We created a subset of production rules that covered a significant chunk of the Javascript language. In consideration of time, we did not seek to create a full set of rules that covered all of Javascript (since the purpose of our project was to simply prove that, in the specific case of $where, our engine could be faster than V8 or SpiderMonkey, we did not need to cover the entire set of Javascript production rules).

Back to Parsing

The set of context free grammar rules determines the precedence of tokens when generating the parse tree.
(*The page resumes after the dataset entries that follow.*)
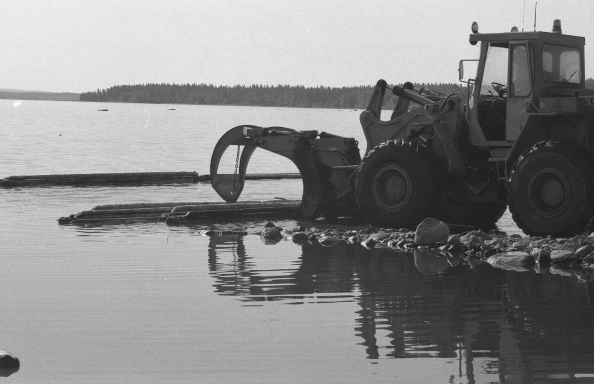 Bäckmyrviken. Baklastaren tar upp fraktbommar. Rune Österlund kör.
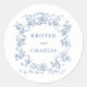 Sticker Rond Classic French Blue Flowers & Ribbons Wedding
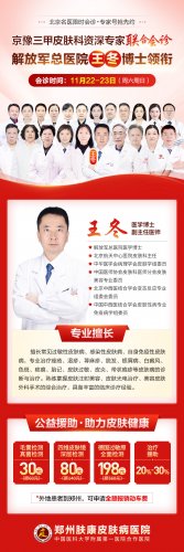 11月22日-23日(本周末),郑州肤康皮肤病医院为帮助河南疑难皮肤病患者早日实现健康无恙 解决“看病难、看病贵、看专家更贵”的问题特邀解放军总医院王冬博士莅临肤康进行联合会诊。
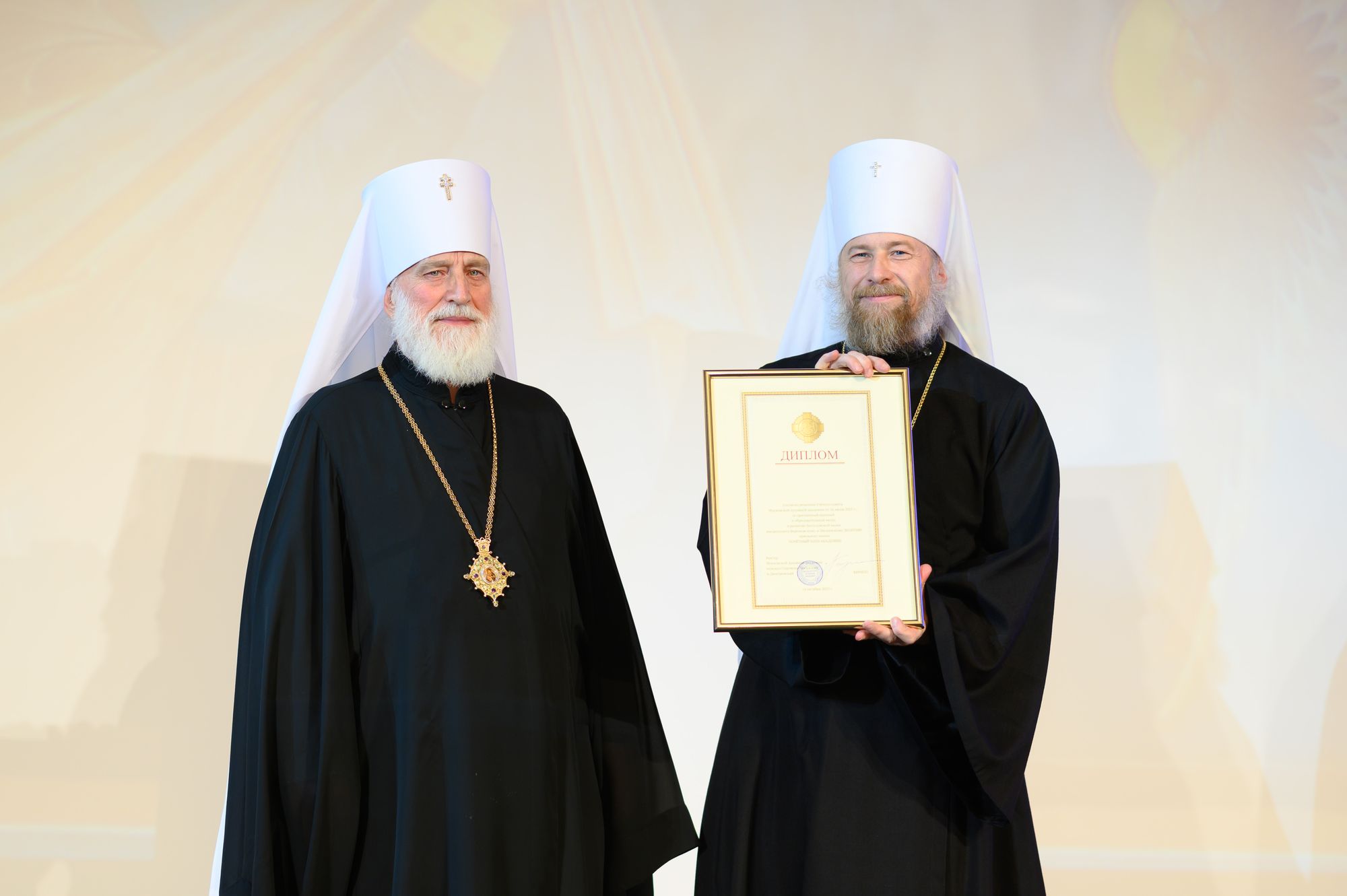 Митрополит Павел также вручил дипломы кандидата богословия тем, кто успешно защитил кандидатские диссертации по богословию в 2025 году:

At this stage of the compilation/interpretation process, the grammar rules are used by a parser to generate the Abstract Syntax Tree for the provided Javascript input.

Delving deeper into compiler theory, there are several parser generators that take in a set of grammar rules to automatically generate a parser for that particular grammar. Often, the provided grammars are in the form of LL or LR grammars (or some derived form of LL and LR, such as LALR), which (after being passed through the automatic parser generator) lead to a type of bottom-up, table driven parser. A common parser generator that takes in a grammar and generates a LALR parser is YACC.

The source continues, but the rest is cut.